Reputation: 31
Newbie-sh with R.
CHALLENGE: I have this data frame with a number of variables in columns (see below). I need to convert the text of "$ TIMEPT : chr" to a numeric value and do some math.
$ SUBJ : chr "1" "2" "3" "4" ...
$ VISIT : chr "0" "12" "34" "84" ...
$ TIMEPT : chr "Within 15 minutes prior to stopping infusion" "Within 5 minutes prior to stopping infusion" "5 minutes post infusion" "15 minutes post infusion" ...
MY 2 APPROACHES:
1.
df$TIMEPT <-replace (df$TIMEPT, df$TIMEPT == "Within 15 minutes
prior to dosing", 0)
This approach only worked for the first set of text I tried converting the TIMEPT variable as a factor:
2.
df$TIMEPT <- within(df, TIMEPT <- df$TIMEPT <- factor(TIMEPT, labels
= c(0, 1,2,3.92,4.08, 4.25, 4.5, 5, 6, 7, 10)))

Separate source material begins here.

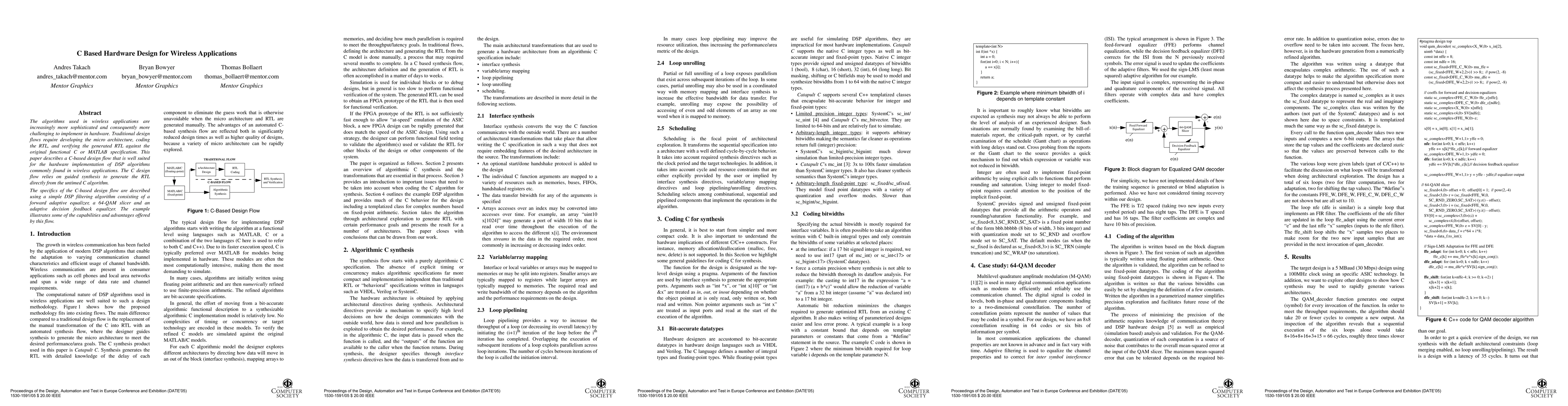 The algorithms used in wireless applications are increasingly more sophisticated and consequently more challenging to implement in hardware. Traditional design flows require developing the micro architecture, coding the RTL, and verifying the generated RTL against the original functional C or MATLAB specification. This paper describes a C-based design flow that is well suited for the hardware implementation of DSP algorithms commonly found in wireless applications. The C design flow relies on guided synthesis to generate the RTL directly from the untimed C algorithm. The specifics of the C-based design flow are described using a simple DSP filtering algorithm consisting of a forward adaptive equalizer, a 64-QAM slicer and an adaptive decision feedback equalizer. The example illustrates some of the capabilities and advantages offered by this flow.

This approach (2) created nested tables of all variables (then the df became larger and more complex). Converting these factors to numbers did not work using the following expression:
df$TIMEPT <- as.numeric(as.numeric(df$TIMEPT))
QUESTION - How could I convert such "long" text TIMEPT into numerical values?
EXPECTED OUTCOME
AN over simplification would be:
SUBJID VISIT TIMEPT
1 1 0 0
2 2 0 1
3 3 0 2
4 4 0 3
...
NOTE: The text in $TIMEPT have similar numerical values across the df. For example the text specifies "within 5 min prior", "before 5 min", "5 min post" ... As such, numerical parsing might not work (I'll try as suggested below)
Upvotes: 2
Views: 742
Reputation: 335
try this
df$newvariable<-readr::parse_number(df$TIMET)
it should extract only the numbers from the character string.
example:
c<-data.frame(x=c(1,2,3,4,5,6,7,8,9), y=c("10 mins", "20 mins", "30 mins", "40 mins", "50 mins", "60 Minutes", "70 mins", "80 mins", "90 minutes"))
c$y<-as.character(c$y)
c$t<-readr::parse_number(c$y)
c
x y t
1 1 10 mins 10
2 2 20 mins 20
3 3 30 mins 30
4 4 40 mins 40
5 5 50 mins 50
6 6 60 Minutes 60
7 7 70 mins 70
8 8 80 mins 80
9 9 90 minutes 90
Upvotes: 1